## What the task requires
The lines below from the one with "Augason Farms Dehydrated" up to and including the one with "公司员工会为新生宿舍准备了专" are what you should set down, exactly and without pictures.

## Given data
Content starts
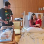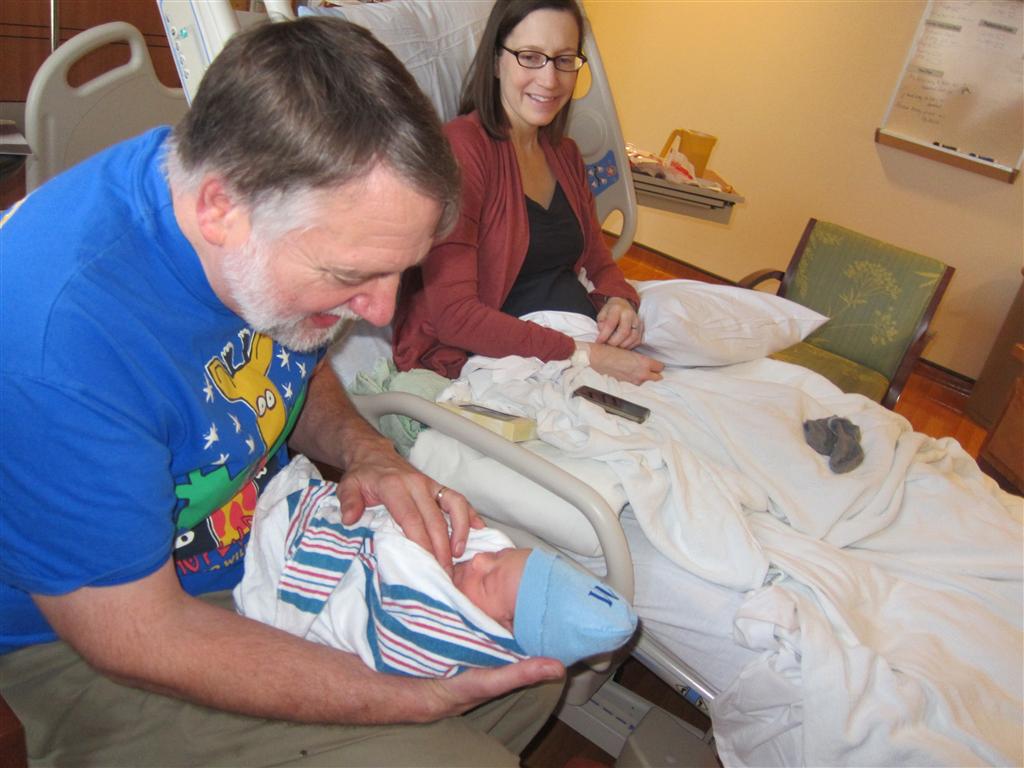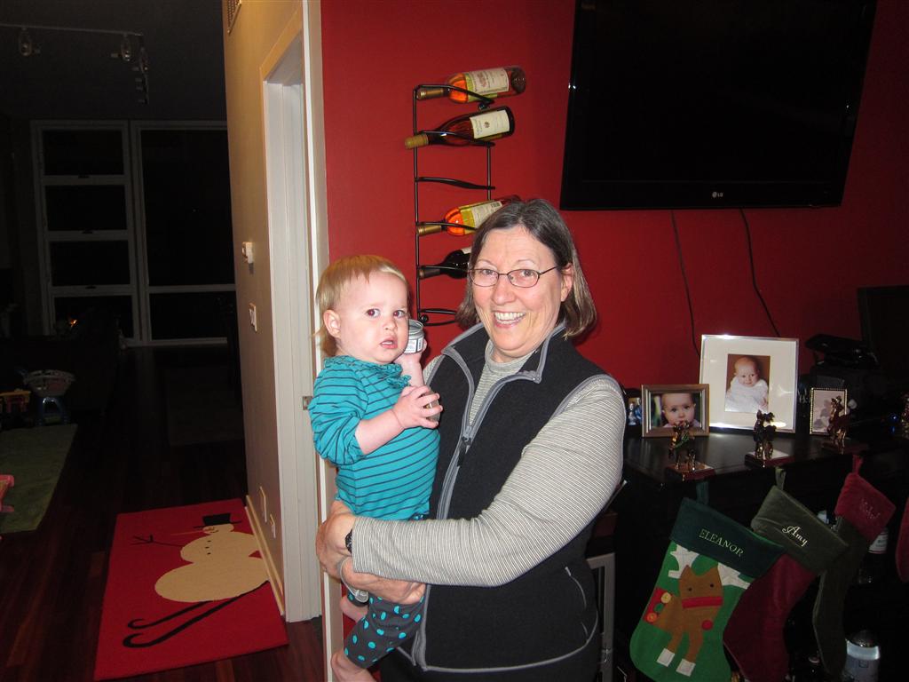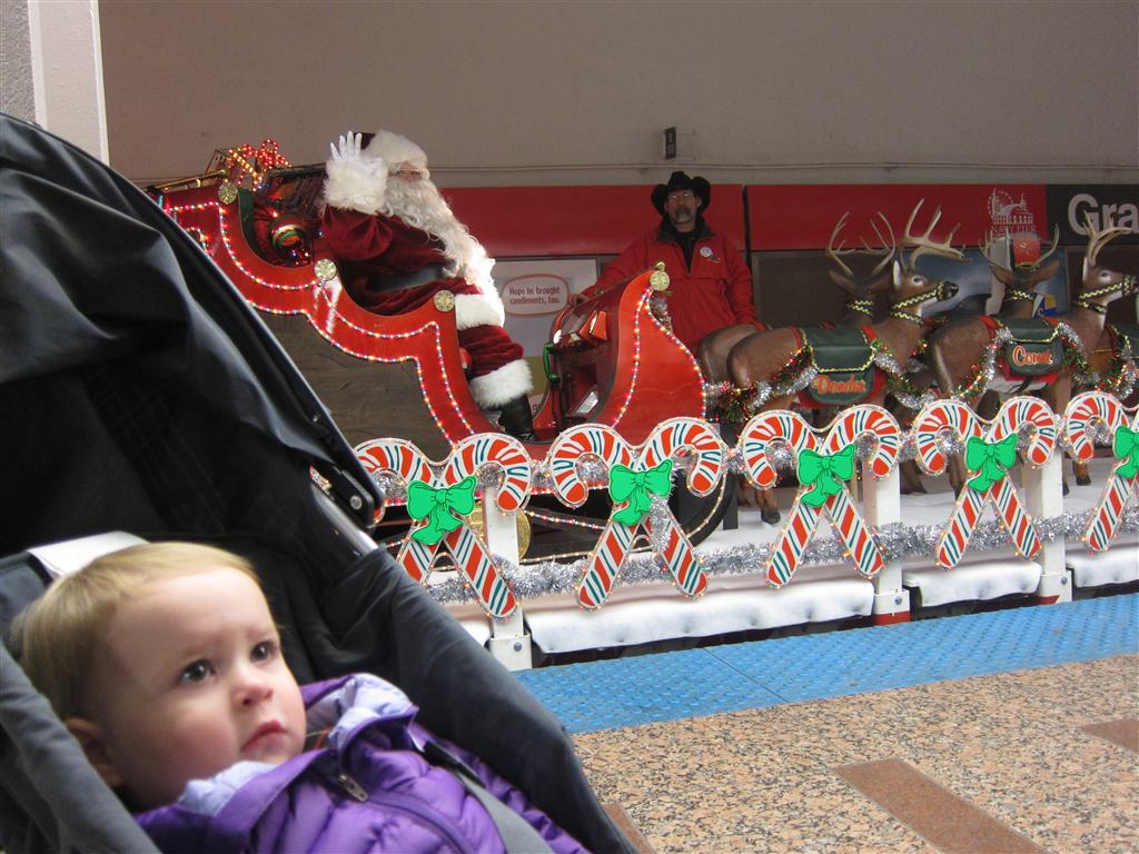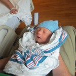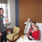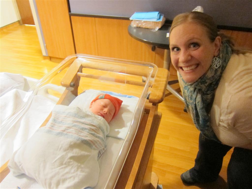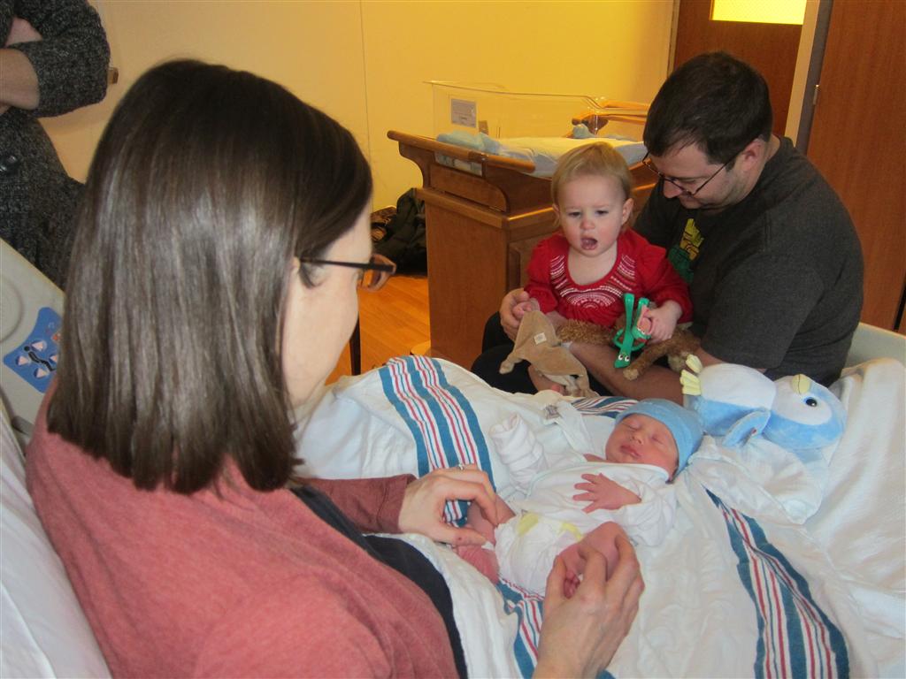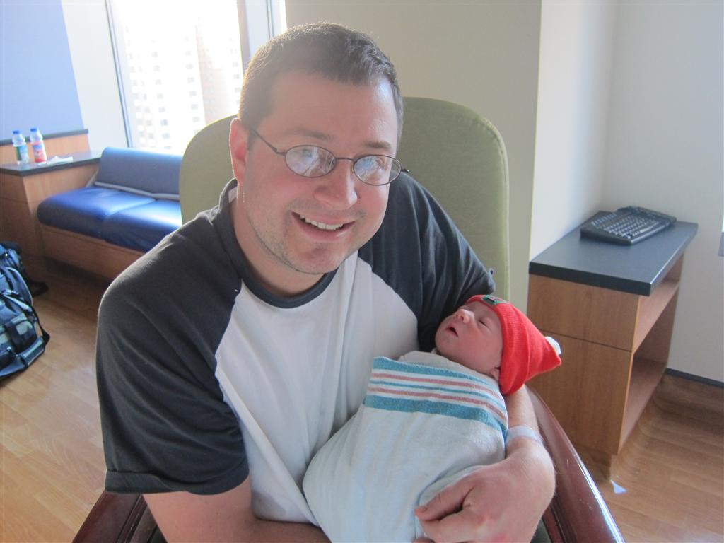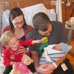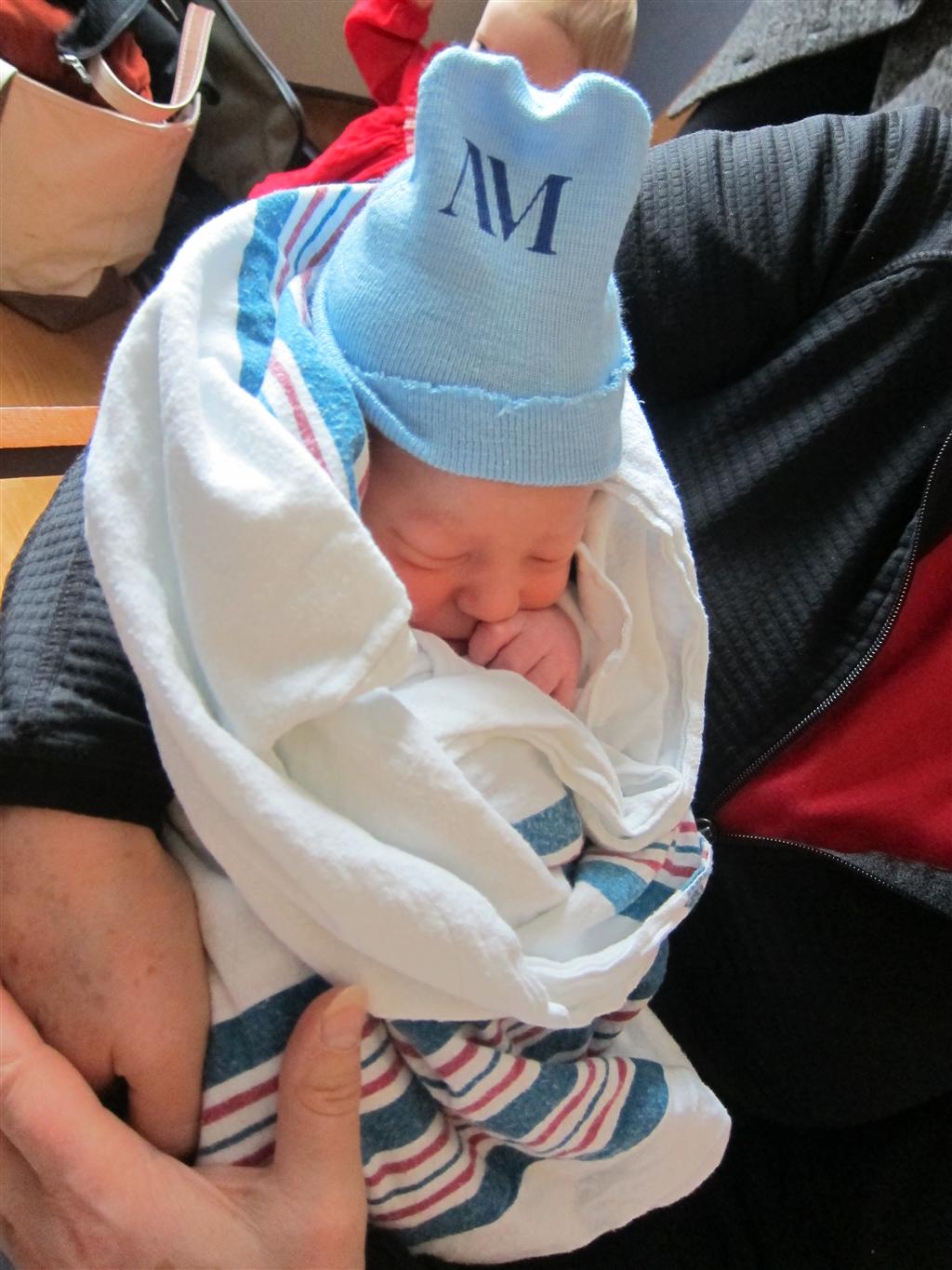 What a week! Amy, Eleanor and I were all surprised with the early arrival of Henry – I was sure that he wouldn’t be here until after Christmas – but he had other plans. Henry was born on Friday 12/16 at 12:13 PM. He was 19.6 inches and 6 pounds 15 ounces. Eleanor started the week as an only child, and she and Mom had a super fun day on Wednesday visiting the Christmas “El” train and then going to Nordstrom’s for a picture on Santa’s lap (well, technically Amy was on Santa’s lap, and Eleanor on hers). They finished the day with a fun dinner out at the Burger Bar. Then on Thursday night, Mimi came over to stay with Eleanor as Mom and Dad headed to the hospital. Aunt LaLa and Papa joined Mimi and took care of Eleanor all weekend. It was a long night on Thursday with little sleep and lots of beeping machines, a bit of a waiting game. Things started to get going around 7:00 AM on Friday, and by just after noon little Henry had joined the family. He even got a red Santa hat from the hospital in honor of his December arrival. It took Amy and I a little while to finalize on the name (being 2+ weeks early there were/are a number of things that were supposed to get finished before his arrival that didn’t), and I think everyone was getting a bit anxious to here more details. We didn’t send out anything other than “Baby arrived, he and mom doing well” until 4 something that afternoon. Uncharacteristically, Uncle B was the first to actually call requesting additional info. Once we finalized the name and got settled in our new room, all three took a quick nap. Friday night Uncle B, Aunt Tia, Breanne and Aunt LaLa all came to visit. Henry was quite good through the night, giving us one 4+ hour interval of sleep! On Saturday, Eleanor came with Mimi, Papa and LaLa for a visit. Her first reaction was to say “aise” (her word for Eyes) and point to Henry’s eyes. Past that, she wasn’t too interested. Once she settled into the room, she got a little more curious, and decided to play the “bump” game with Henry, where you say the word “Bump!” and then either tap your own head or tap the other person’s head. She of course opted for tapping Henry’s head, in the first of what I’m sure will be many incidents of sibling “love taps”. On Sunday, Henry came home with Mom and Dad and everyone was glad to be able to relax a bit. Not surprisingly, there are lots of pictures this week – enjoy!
Content ends
Content starts
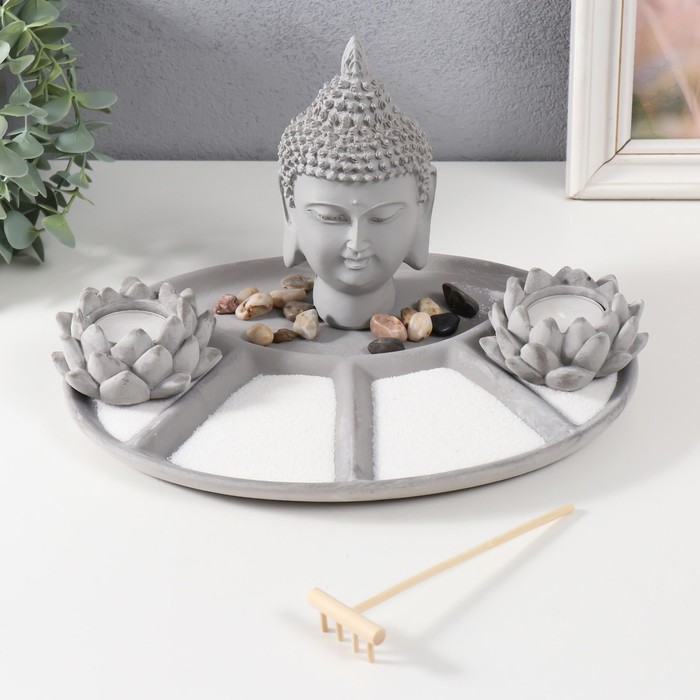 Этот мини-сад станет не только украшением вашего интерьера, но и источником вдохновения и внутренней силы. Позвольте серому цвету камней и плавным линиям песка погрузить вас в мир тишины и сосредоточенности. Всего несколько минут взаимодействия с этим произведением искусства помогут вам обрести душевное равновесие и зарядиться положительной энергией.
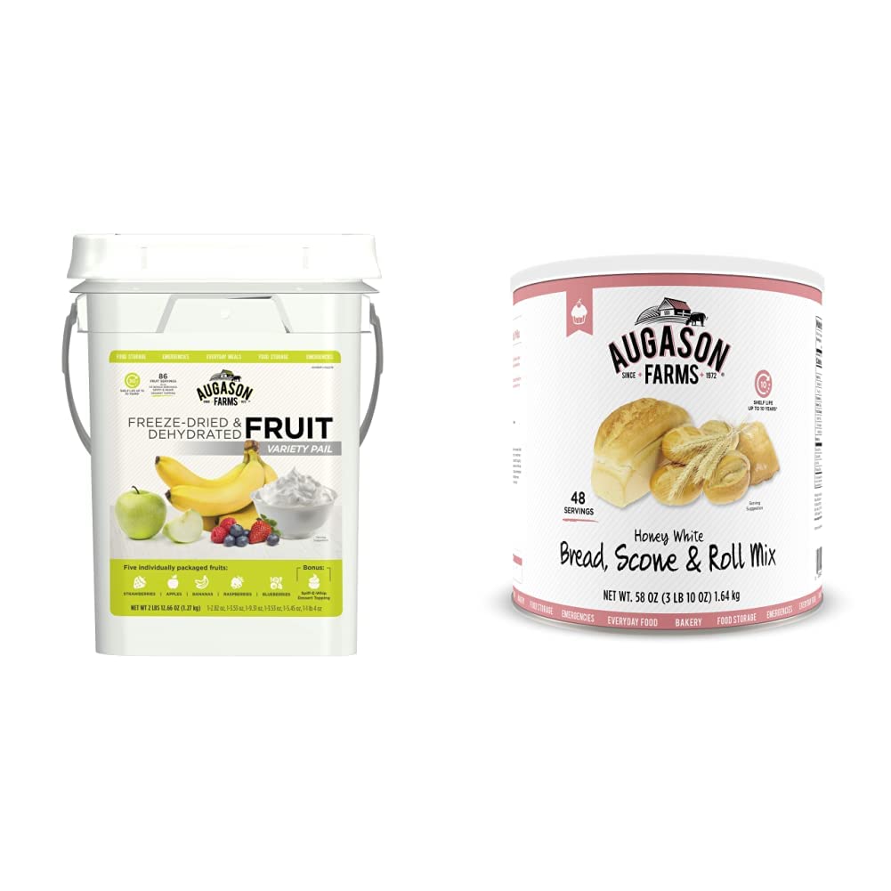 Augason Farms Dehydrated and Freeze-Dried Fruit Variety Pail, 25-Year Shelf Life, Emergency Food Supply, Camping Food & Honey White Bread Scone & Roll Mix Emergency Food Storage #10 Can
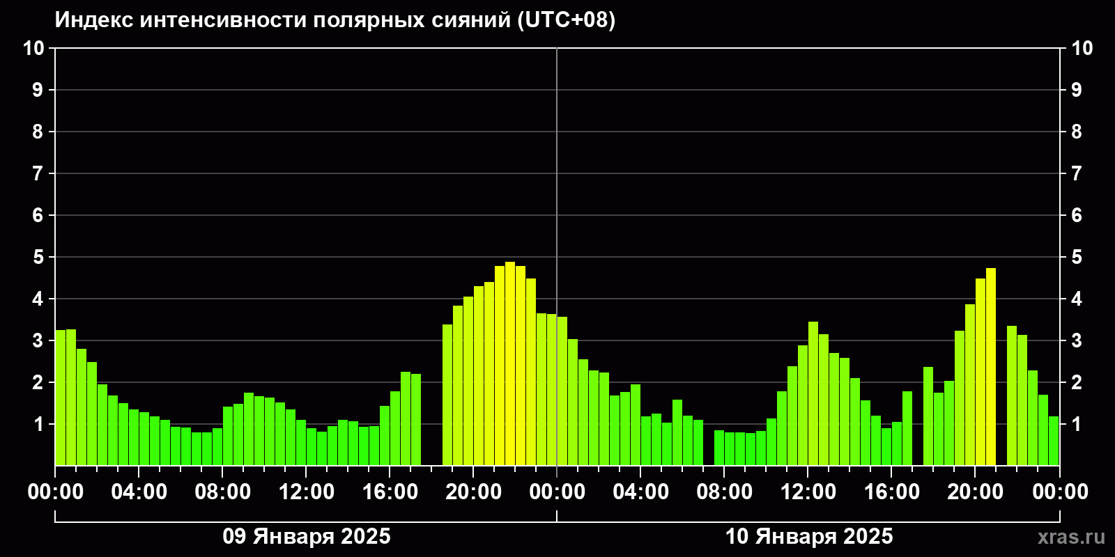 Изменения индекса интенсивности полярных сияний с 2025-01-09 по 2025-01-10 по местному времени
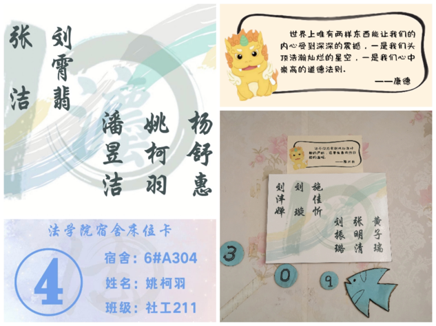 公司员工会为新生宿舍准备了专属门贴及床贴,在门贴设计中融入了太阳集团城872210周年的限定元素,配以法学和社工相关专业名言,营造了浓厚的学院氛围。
Content ends
Content starts
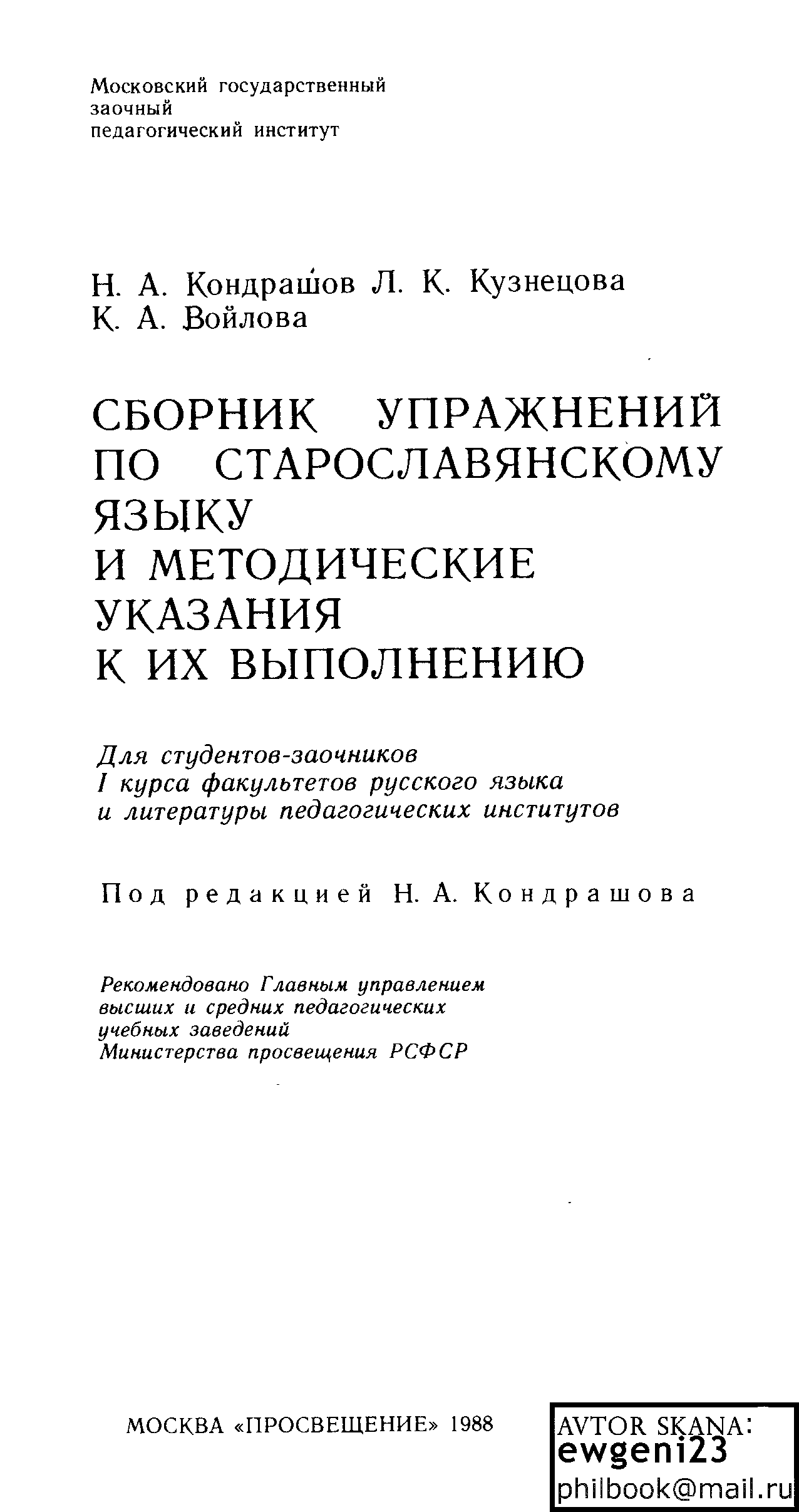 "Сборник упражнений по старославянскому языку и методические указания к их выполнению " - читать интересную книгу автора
Content ends
## Output below
 Augason Farms Dehydrated and Freeze-Dried Fruit Variety Pail, 25-Year Shelf Life, Emergency Food Supply, Camping Food & Honey White Bread Scone & Roll Mix Emergency Food Storage #10 Can
 Изменения индекса интенсивности полярных сияний с 2025-01-09 по 2025-01-10 по местному времени
 公司员工会为新生宿舍准备了专属门贴及床贴,在门贴设计中融入了太阳集团城872210周年的限定元素,配以法学和社工相关专业名言,营造了浓厚的学院氛围。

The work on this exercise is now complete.